O território das artes não cessa de se expandir. Explorando novos temas e formatos, diversificando suportes, ampliando géneros artísticos, as propostas vão-se perfilando em número crescente, prova da criatividade e da vitalidade de um sector menosprezado pelos grandes decisores mas que, ainda assim, resiste e persiste. “Desencapados”, de Felipe Marcondes da Costa, é disso prova irrefutável, a arte como mecanismo de intervenção feita ao arrepio das convenções, a mensagem despojada de formalismos inúteis, quiçá desprezíveis. Tudo por conta de um conjunto relativamente curto de objectos expostos, folhas de papel de cores e tamanhos os mais variados, fixados na parede de forma precária. Analisados de perto, encontramos neles documentos que fixam etapas de vida, distantes, solenes, protocolares, “adulterados” pela humanidade de uma palavra, de uma frase, de um poema.
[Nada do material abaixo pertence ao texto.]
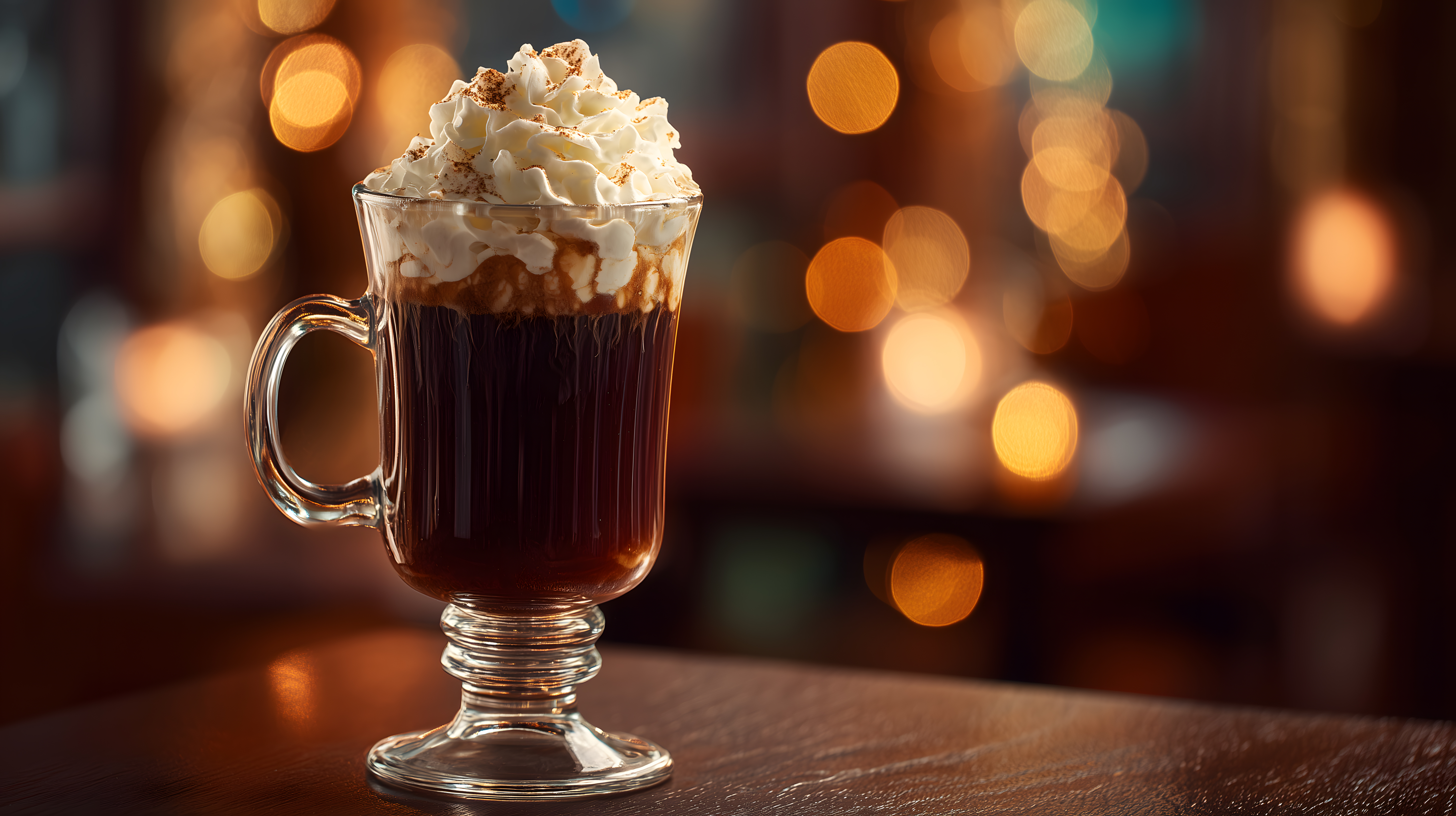 Irish Coffee mit Schlagsahne im Café bei Abendlicht

Num exercício de intertextualidade levado ao limite, Felipe Marcondes da Costa junta a dois convites uma oferta. Embora a ordem possa ser arbitrária, começo pelo convite que me parece mais imediato, o de estabelecer pontes com o lado “formal” do artista-cidadão, cruzando o espólio documental que nos é dado observar com as nossas próprias memórias (afinal, quem nunca lançou um olhar sobre pautas escolares, bulas de medicamentos, comunicados, regulamentos, atestados médicos ou extractos bancários, neles depositando ansiedades ou perplexidades?). Há, depois, o convite à fruição da poesia. Entranhadas no corpo dos documentos, acomodadas nos breves espaços em branco, enroscadas entre linhas e colunas, mais à esquerda ou mais à direita, no cabeçalho ou no rodapé, as palavras abrem-se em poemas de Fernando Luís Chivite ou de Sean Bonney, de Bertolt Brecht ou de Octavio Paz. Enfim, a oferta: um jogo de correspondências. “Com cuidado examino” sobre um extracto bancário, “a estranha narrativa” num texto rasurado, um sublime “porque te amo” numa “informação complementar”.
Na sua aparente simplicidade, esta fórmula é um verdadeiro catalisador de tensões: Entre o real e o ficcionado, a acção e a reacção, o taxativo documental e a “intromissão” de um poema, a burocracia que castra e a criação que liberta. Um livro de Herberto Hélder é objecto subtraído. Um receituário é uma súplica. Uma participação policial é um manifesto contra a própria polícia. “Os justos”, um poema de Borges, derrama-se numa folha em branco. Entre a letra de forma e a caligrafia, o silencio é ensurdecedor. “Diário, autorretrato, autobiografia”, nada disso ou tudo ao mesmo tempo, a mostra é um poderoso manifesto contra a regra que pretende normalizar passos e pensamentos. Subversivo na forma como questiona o passado e aponta novos rumos ao futuro, “Desencapados” incita o visitante a buscar a cor no que até aqui era apenas cinzento, a dar um murro na mesa e um pontapé no preconceito. A alinhar a voz com a do poeta e a “meter um pauzinho na engrenagem”.